Conservation agriculture aims to:

Organic matter deposition

The reduction of soil disturbance through zero-tillage, the use of cover crops and the preservation of crop residues on the soil surface result in increased activity of the soil and in the accumulation of organic matter, mainly in the topsoil (Figure 22).

An argument often heard in the discussion on conservation agriculture is that it is only feasible in the humid and subhumid tropics and that the generation of sufficient biomass in semi-arid regions is the limiting factor to start implementing conservation agriculture.

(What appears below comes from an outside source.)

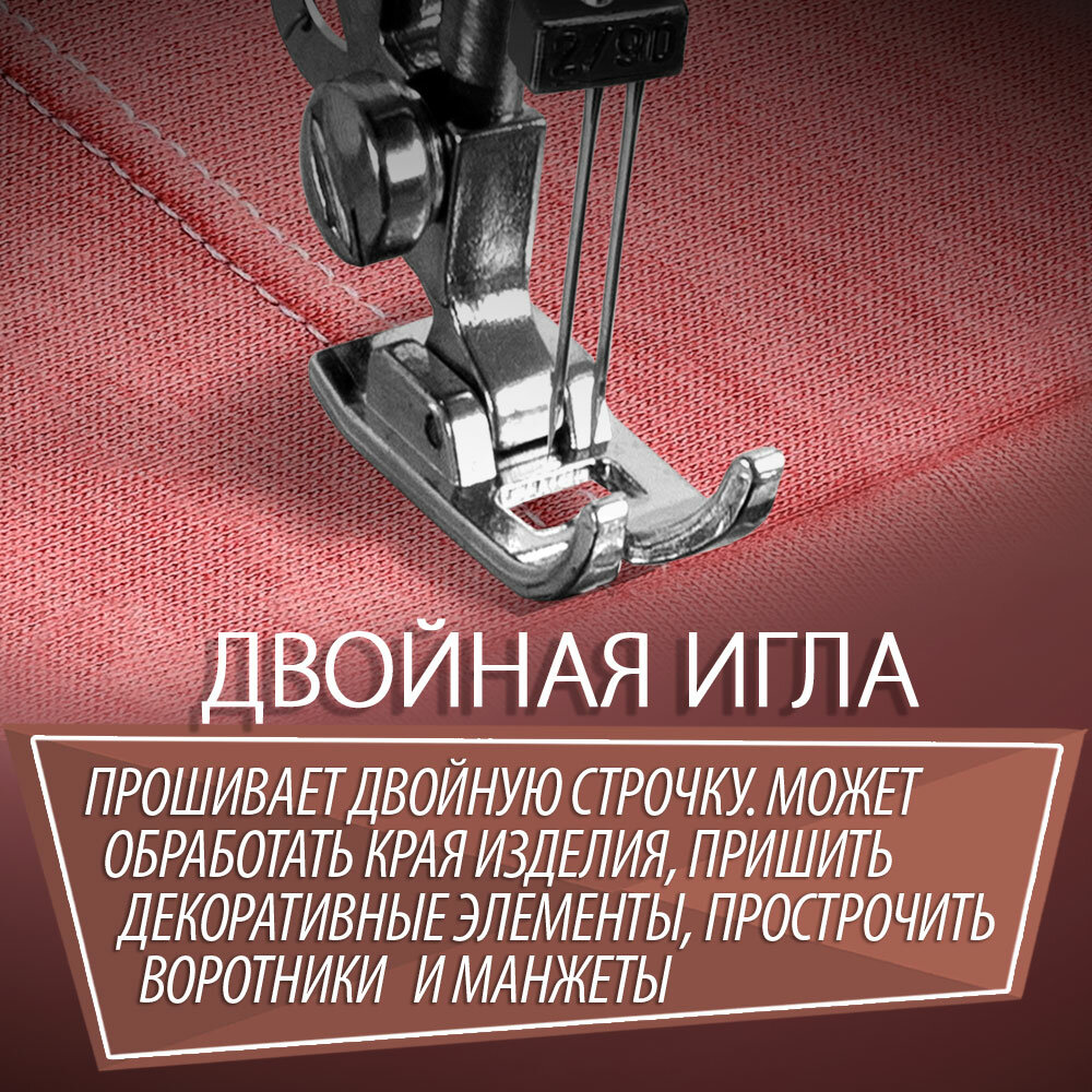 | Дополнительная комплектация | комплект игл, нож-вспарыватель, шпулька, педаль, отвертка, катушкодержатель, двойная игла, инструкция, подсветка рабочей зоны (LED) |

However, recent research has shown that even in semi-arid areas of Morocco the application of the principles of conservation agriculture bears its fruits. Mrabet (2000) reports higher yields through better water use and improved soil quality; the latter caused by an increase in soil organic C and N and a slight pH decline in the seedzone (Bessam and Mrabet, 2003; Mrabet et al., 2001a, 2001b).

Increased carbon sequestration

World soils are important reservoirs of active C and play a major role in the global carbon cycle. As such, soil can be either a source or sink for atmospheric CO2 depending on land use and the management of soil and vegetation (Lal, 2005) (Figure 23). The conversion of native ecosystems (e.g. forests, grasslands and wetlands) to agricultural uses, and the continuous harvesting of plant materials, has led to significant losses of plant biomass and C (Davidson and Ackerman, 1993), thereby increasing the CO2 level in the atmosphere.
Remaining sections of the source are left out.